La razón deviene de su pluma rústica y concreta.
“El obrero está perdido / y no encuentra su canción / Quizá sea porque el hombre/ ya violó su condición / pero yo ya sé cuál es la solución.” “Es el primer boogie woogie que se escribe en el país, con aires aborígenes”, señala.

–¿Y Blues de otoño qué es?
–Mi primer blues. A dos meses de la muerte de Pappo, estaba en el balcón de casa mirando cómo se deshojaba un árbol y se me ocurrió una frase: “Mis amigos se fueron en un bondi que va al cielo”. La completé pensando en mi edad... ya puedo contemplar y ver la vejez.

–¿La muerte de Pappo fue envejecer un poco más rápido?
–Me pegó fuerte. Juan, mi hijo, me dio la noticia: “Prendé la tele, murió Pappo”. Nunca pensé que Pappo podía morir. Lo sueño todo el tiempo hablándome. ¡Pensar que cuando hicimos Pappo’s Blues I teníamos 19 años! Me cayó una gran ficha: “Estás más viejo, Black. Te vas a morir también”.

–¿Cómo la vivió internamente, luego de tantas batallas musicales juntos?
–Profundo, porque conocí al Pappo tímido, divertido y cariñoso, no al personaje que se juntaba con gente pesada. Lo que más me entristece es que no pudimos cumplir el sueño de llegar a los 60, de freak y cobrando 100 mangos para que vieran a estos dos viejos tocando blues podrido.

–¿Le mostró a Spinetta la versión de Me gusta ese tajo?
–Fui a la casa y le dije: “Mirá lo que hizo tu baterista de Pescado Rabioso”. Y me respondió: “Es la mejor versión que escuché”. Después escuchó el disco y me deseó suerte como letrista.

–La pregunta del millón: ¿para cuándo el retorno de Pescado? Junto a Los Gatos, es la única banda grande de los ’70 que nunca regresó.
–Por suerte estamos todos vivos, pero depende de Luis... Yo lo entiendo. Es cierto que si se llega a juntar Pescado revienta todo, pero no podemos hacerlo sólo para saber cuánta plata juntamos. Pasa más por el lado del sentimiento y las ganas de tocar juntos. Si se llega a dar esa combinación, ocurrirá. Es lo que dijo el Flaco. Por ahora, tenemos nuestros propios caminos. Aunque nunca se sabe... A lo mejor una productora pone 2 palos verdes y tocamos (risas).
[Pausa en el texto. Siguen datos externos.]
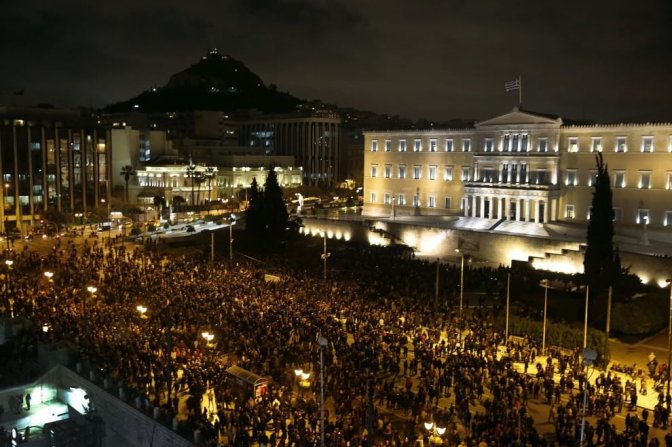 Ieri la gente e’ scesa in strada a migliaia a piazza Syntagma, davanti al parlamento. Stessa storia anche in altre città del paese. Non c’è stato nessun tipo di organizzazione e nessun canale televisivo greco ha coperto l’evento. L’organizzazione e’ stata spontanea coi social media ed alcune radio sparse per il paese non in mano ai privati (residui dopo la chiusura della ERT, la TV pubblica, nella capitale). Avreste dovuto sentire la gente parlare in queste emittenti radio. Da quando si e’ saputo il ricatto di Draghi una corrente elettrica ad altissimo voltaggio ha fatto insorgere e fumare dalla rabbia tutto e tutti. Che sono molto incazzati.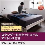 ローベッド セミダブル フルレイアウト フレーム幅120cm 【国産カバーポケットコイルマットレス付】 フレームカラー:ホワイト 北欧デザインベッド Noora ノーラ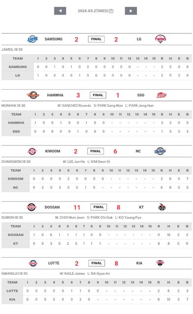 敗:金善起(Kiwoom)(1敗)—4局,5H,5BB,5R(5ER)(79球)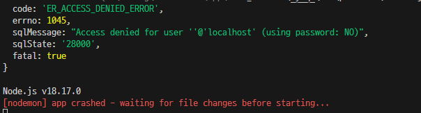 sqlMessage: "Access denied for user ''@'localhost' (using password: NO)",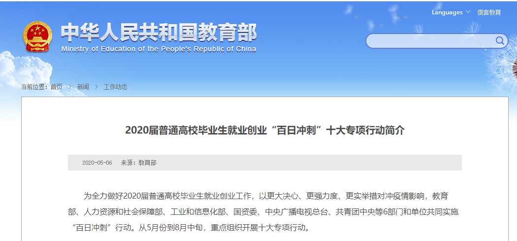 5月6日,由教育部、人力资源和社会保障部、工业和信息化部、国资委、中央广播电视总台、共青团中央等6部门共同主办的2020届普通高校毕业生就业“百日冲刺”行动正式启动,启动仪式上发布了促进高校毕业生就业创业十大专项行动。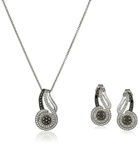 -. Binding : Jewelry -. Brand : Amazon Collection -. Color : White -. Department : womens -. Feature : Two-piece swirling pendant necklace and earrings set each featuring channel-set black and white diamonds / Necklace features rolo chain with lobster-claw clasp, earrings have post with friction backing / All our diamond suppliers confirm that they comply with the Kimberley Process to ensure that their diamonds are conflict free. / Imported -. Label : Amazon Collection -. Manufacturer : Amazon Collection -. Model : 37432/STGSIL/J1/SIL030RLO/STD -. MPN : 37432/STGSIL/J1/SIL030RLO/STD -. PackageQuantity : 1 -. PartNumber : 37432/STGSIL/J1/SIL030RLO/STD -. ProductGroup : Jewelry -. ProductTypeName : FINEOTHER -. Publisher : Amazon Collection -. Studio : Amazon Collection -. Title : Sterling Silver with White and Black Diamond-Accent Box Jewelry Set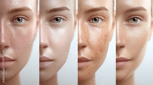 Close-up comparison of different skin types: dry, oily, porous, and combination. Detailed texture for dermatology, skincare, beauty treatments, and cosmetic product concepts.

–La versión de Blues de la amenaza nocturna, de Manal, respeta el clima de época, incluso la voz ríspida de Diego Czainik se parece a la de Javier Martínez...
–Decidí hacerla con slide y un sonido más denso. Diego es fanático de Manal... Yo le decía que la cante con su voz, pero la había cantado tanto en pubs que se le pegaron los fraseos de Javier. Está hecha con mucho respeto.

–The Spider and the Fly, el rescate de Jagger-Richards, no tiene nada que ver con la lectura de los Stones que hacen las bandas de rock chabón.
–Como dijo una vez Charlie Watts, el verdadero rock and roll es el de Chuck Berry. Y yo, cuando tenía 17 años y tocaba covers de los Stones con Héctor Starc, sabía de dónde provenía la historia. Por eso suena pura.
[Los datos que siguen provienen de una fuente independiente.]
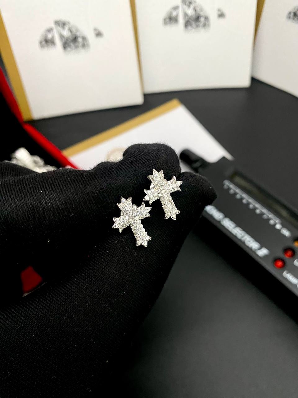 Silver-Tone Moissanite Cross Pendant Necklace with Matching Earrings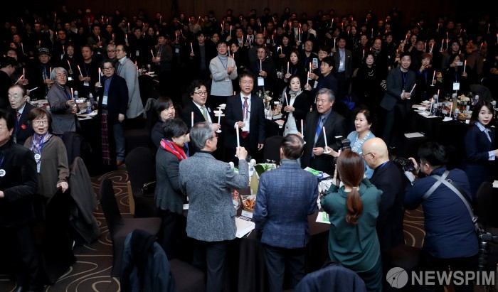 [성남=뉴스핌] 백인혁 기자 = 김용래 산업통상자원부 산업혁신성장실 실장, 윤주현 한국디자인진흥원 원장, 이길형 한국디자인단체총연합회 회장을 비롯한 참석자들이 9일 오후 경기 성남시 코리아디자인센터에서 열린 2020 디자인계 신년인사회에서 2020 디자인 세레머니를 하고 있다. 2020.01.09 dlsgur9757@newspim.com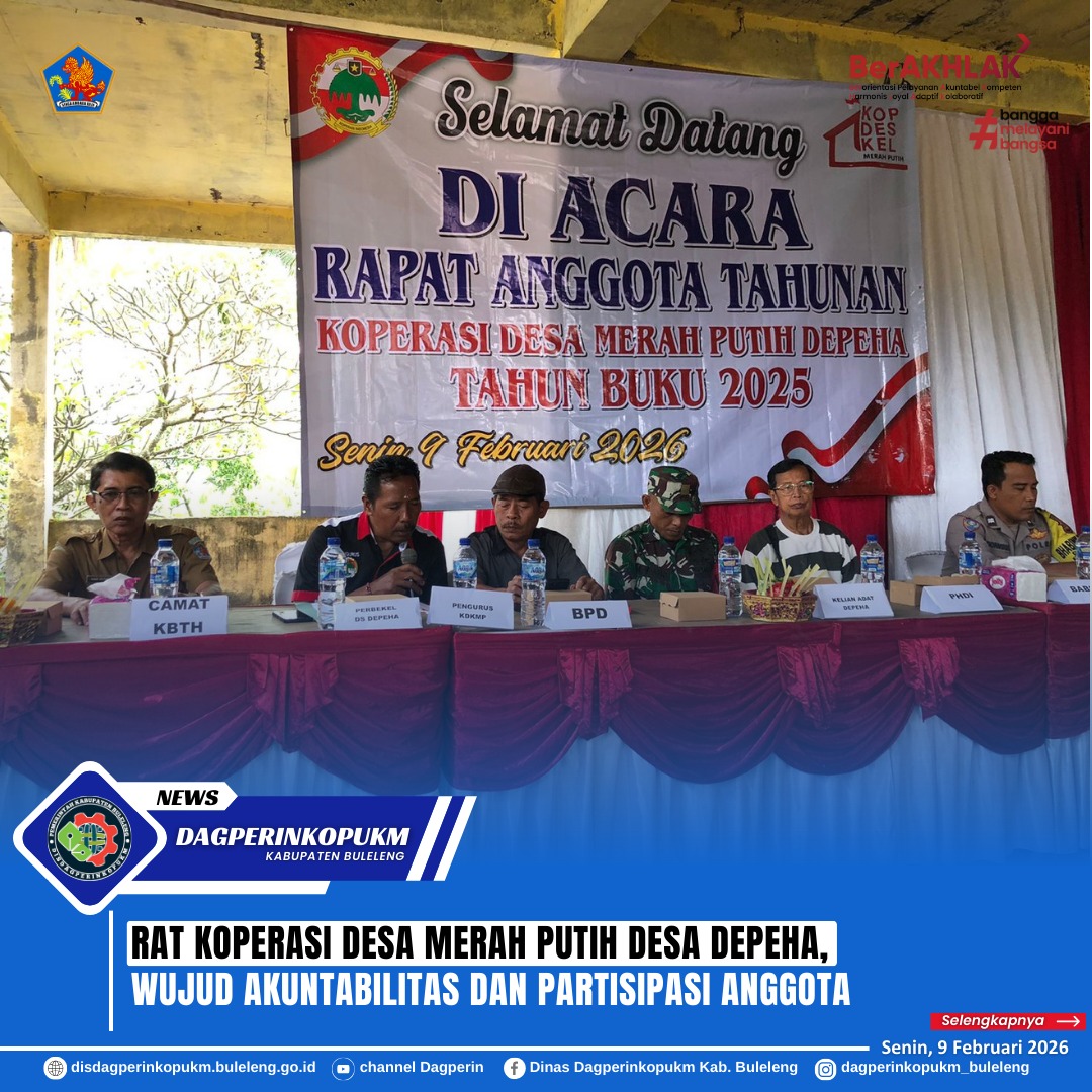 Buleleng, 9 Februari 2026 - Pengawas Koperasi Ahli Muda Hadi Setiadi bersama staf teknis menghadiri RAT Koperasi Desa Merah Putih (KDMP) Desa Depeha, Kec. Kubutambahan. RAT merupakan forum tertinggi dalam koperasi yang berfungsi untuk mengevaluasi kinerja pengurus dan pengawas, menetapkan rencana kerja, serta mengambil keputusan strategis demi keberlangsungan dan kemajuan KDKMP.

–¿Cuánto le costó editar el disco...? Es el problema de la mayoría de los músicos de su generación.
–Hoy, en el rock todo pasa por el dinero. En los sellos te preguntan cuánta gente metés: si son 2 mil, la firma es segura; si son 200, te dicen: “Está buena tu música, te felicito... Pero gracias, paso”.

–¿Es la única razón?
–No. Nosotros también tenemos culpa. No somos constantes. Yo no puedo pensar que si grabo un disco se me abren todas las puertas, ya pasaron muchos años. El músico de esa generación abandona rápido sus proyectos. Otro tema son los medios. Jamás escucharás algo de Emilio Del Guercio, Edelmiro Molinari o Litto Nebbia en esa radio que dice difundir nuestro rock.

–Además, la intervención de corporaciones que lucran con festivales en los cuales, si no tocás, parece que no existís. Es como arreglar un partido de fútbol antes que empiece. ¿Cómo lo tolera?
–Puteando en casa. Igual me siento bien porque toco lo que quiero, elijo el lugar donde tocar y también los músicos. Sé que no voy a llenar un River, pero me sigo haciendo un lugar. Pienso que en un país donde un pibe muere de hambre, el que se siente estrella es un idiota.